Asian Equities Face Headwinds as Fed Hikes, Cuts Growth Forecast
Investors are priming for Asian equity benchmarks to mirror declines in US stocks after the Federal Reserve raised interest rates and reduced its economic growth forecast.
(Bloomberg) -- Investors are priming for Asian equity benchmarks to mirror declines in US stocks after the Federal Reserve raised interest rates and reduced its economic growth forecast.
Kerry Craig, global market strategist for JPMorgan Asset Management:
“The fabled Fed pivot may take longer than the market had been expecting. US equities didn’t react favorably to the outcome of the meeting and that sentiment is likely to flow into APAC markets,” he said. “For APAC, the China reopening story remains a tailwind but the degree that this will be able to offset the higher rates and still support USD remains to be seen.”

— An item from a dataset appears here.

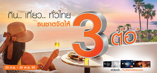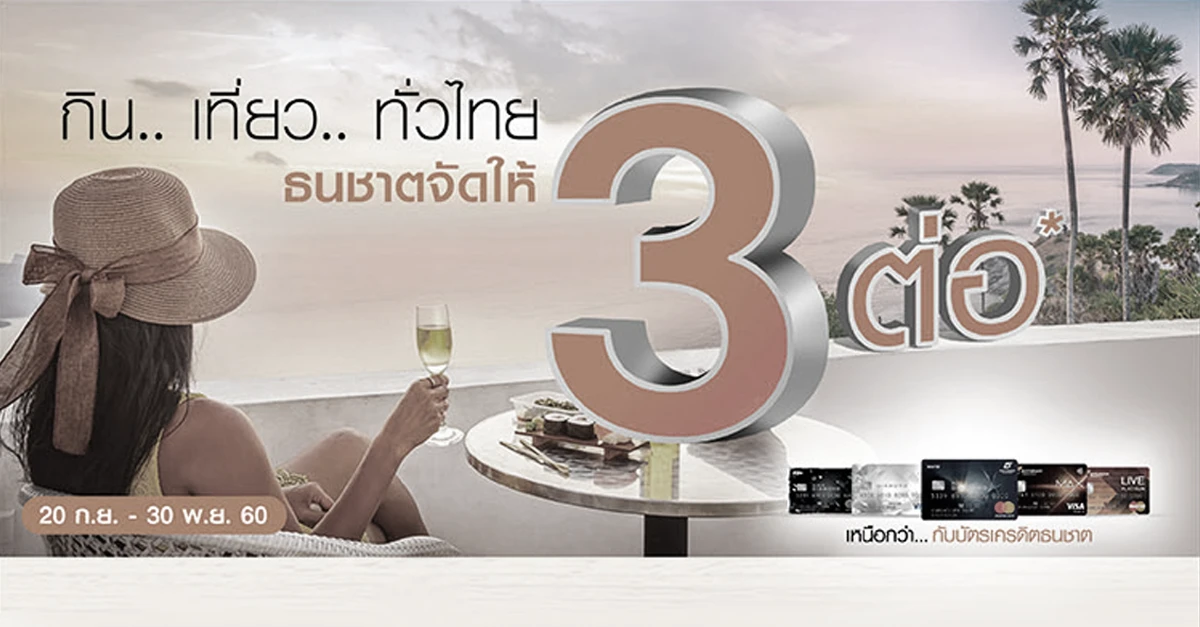 กิน เที่ยว ทั่วไทย.. กับบัตรเครดิตธนชาต จัดให้ 3 ต่อ ทั้งส่วนลด เงินคืนสุดคุ้ม พร้อมคะแนนสะสมสูงสุด 11 เท่า

Kellie Wood, deputy head of fixed-income at Schroders Australia:
“Despite the upgrade to the dots, the end point is drawing closer. As we move into early next year the data should start to suggest that a recession is approaching. It will take some time for inflation to moderate to a level where the US Fed is comfortable with easing policy,” she said. “With the market already priced for a ~5% cash rate in the next 6 months, the dots are just catching up to what the market has priced for the US policy path.”
Tomo Kinoshita, global market strategist at Invesco Asset Management in Tokyo:
“US shares have seen limited falls, indicating that financial markets are not wholeheartedly believing in that hawkishness, perhaps because some Fed policymakers have talked about the possibility of rate cuts already,” he said. “Long-term bond yields appeared to have peaked out, which is a sign investors are now worried about a recession.”
Anthony Doyle head of investment strategy for Firetrail Investments:
“Asian markets will take their lead from the US markets,” he said. “The theme of today for Asian markets is defensives holding up the most, so sectors like health care, food and beverages, and transport. Those sectors that were hurt the most, cyclicals or consumer-exposed — autos, tech materials and semiconductors — were down the most.”
Matthew Simpson, senior market analyst at City Index:
“Softer inflation and the prospects of lower Fed rates in 2024 pushed the dollar to new lows, and that’s a win for emerging FX. China’s relaxed Covid restrictions taking precedence over rising cases could allow the yuan to strengthen further, so we continue to like dollar/offshore yuan shorts below the 7.0100 area. Dollar/yen has held above the December 2nd low and seemingly building a base above 135, so we’re on guard for a counter-trend bounce and for a rally to 140.”
Chamath De Silva, senior portfolio manager for BetaShares Holdings:
“USD continues to weaken, which should be supportive for Asian stocks at the margin,” he said. “Equities probably didn’t like that Powell emphasized that financial conditions need to reflect the Fed’s intent and probably explains the modest weakness in US stocks.”
Joseph Capurso, senior currency strategist for Commonwealth Bank:
“AUD/USD temporarily dipped by 1%. Higher commodity prices have supported AUD against the USD and the other major currencies. Now that AUD/USD has broken through resistance, 0.6850 could form a support level,” he said.